Gene prediction and annotation
Genes in the three BACs (LAR, TCS, and TS) were predicted. These three genes were the key enzyme genes in characteristic metabolic pathways of tea plants. The results showed that there are 30 predicted gene models in each BAC clone. The gene span was estimated to be 3.93 kb per gene (Supplementary Table S5). BLAST top hits analysis using the predicted gene sequences in the BACs (Supplementary Figs. S3a) and the whole BAC end sequences as queries (Supplementary Fig. S3b) showed an absolute predominance to Vitis vinifera. These observations were consistent with the results of previous studies, in which unigenes of tea transcriptomes were reported to have the highest homology to genes of V. vinifera (Wu et al. 2014; Zhang et al. 2015). In GO classification, “metabolic and cellular process” was the most common functional sub-category in the category “biology process” for both BESs and BACs. For BESs, the sub-category “catalytic function” exceeded “binding function” under the category “molecular function.” For the category “cell component,” “cell function” was more common than the others (Supplementary Fig. S4).
Promoters analysis of LAR, TCS, and TS
Some important elements that make up core promoter such as TATA box and CAAT box were identified in LAR, TCS, and TS. Additionally, a larger number of light-responsive cis-acting elements such as ATCT-motif, Box 4, G-Box, GT1, GTGGC-motif, MRE, TCT-motif, chs-Unit 1 m 1, 3-AF1 binding site, Box I, CATT-motif, TCCC-motif (Figs. 5, 6, and7) were identified in LAR, TCS, and TS. According to previous reports, the biosynthesis of catechins (Wang et al. 2012; Jin et al. 2016), caffeine (Chen. 2010; Liu et al. 2013a), and theanine (Matsuura and Kakuda 1990) were greatly influenced by light. Additionally, many regulatory elements involved in binding site of MeJA-responsiveness and ethylene-responsive were also identified. There were also several cis-regulatory elements such as ARE, TC-rich repeats, GC-box, HSE, LTR, MBS, Box-W1, and TCA-element, which served as a putative binding sites for specific TFs in response to biotic and abiotic stresses.

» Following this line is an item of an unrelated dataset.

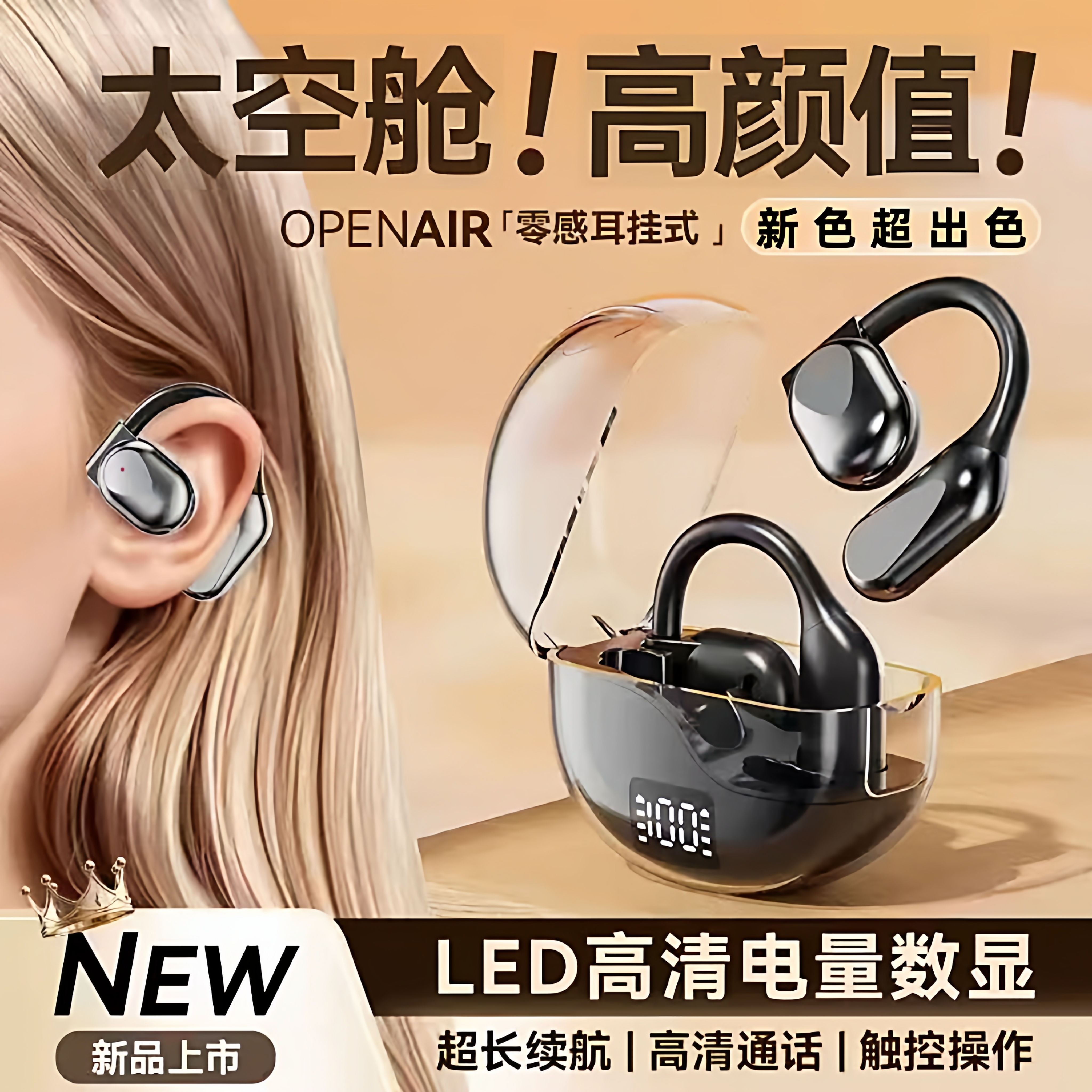 日本品质新款V12无线蓝牙耳机Ultra耳夹式长续航高音质降噪耳机适

Alternative splicing (AS) analysis of LAR, TCS, and TS
The process of AS can be spliced in different patterns to produce different mRNA structurally and functionally. AS may be one of mechanisms that accounts for the greater macromolecular and cellular complexity in higher living organisms. Every conceivable pattern of alternative splicing is found in nature, and the main types of alternative splicing including intron retention, alternative 3′ splice sites, alternative 5′ splice sites and exon skipping. We obtained four alternative 5′ splice sites and two alternative 3′ splice sites in LAR gene. Moreover, there are two alternative 5′ splice sites and one intron retention in TCS gene. In addition, more AS types in TS, we found three alternative 3′ splice sites, three intron retention and one exon skipping (Fig. 8). To experimentally confirm the accuracy of the identified AS analysis, primers were designed for PCR amplification. The results showed that size of the fragments and the bands on the agarose gel and capillary electrophoresis were mostly consistent with the alternative splicing isoforms (Fig. 9).
Discussion
Most studies have focused on investigating metabolic genes (Liu et al. 2012; Wang et al. 2014b) and the transcriptome (Jia et al. 2015; Zhang et al. 2015) of C. sinensis. In this study, we constructed a high quality, publicly available BAC library for C. sinensis. The average insert size of C. sinensis BAC clones was 113 kb, representing approximately 6.2-fold overage of the C. sinensis genome (2940 Mb) (Huang et al. 2013).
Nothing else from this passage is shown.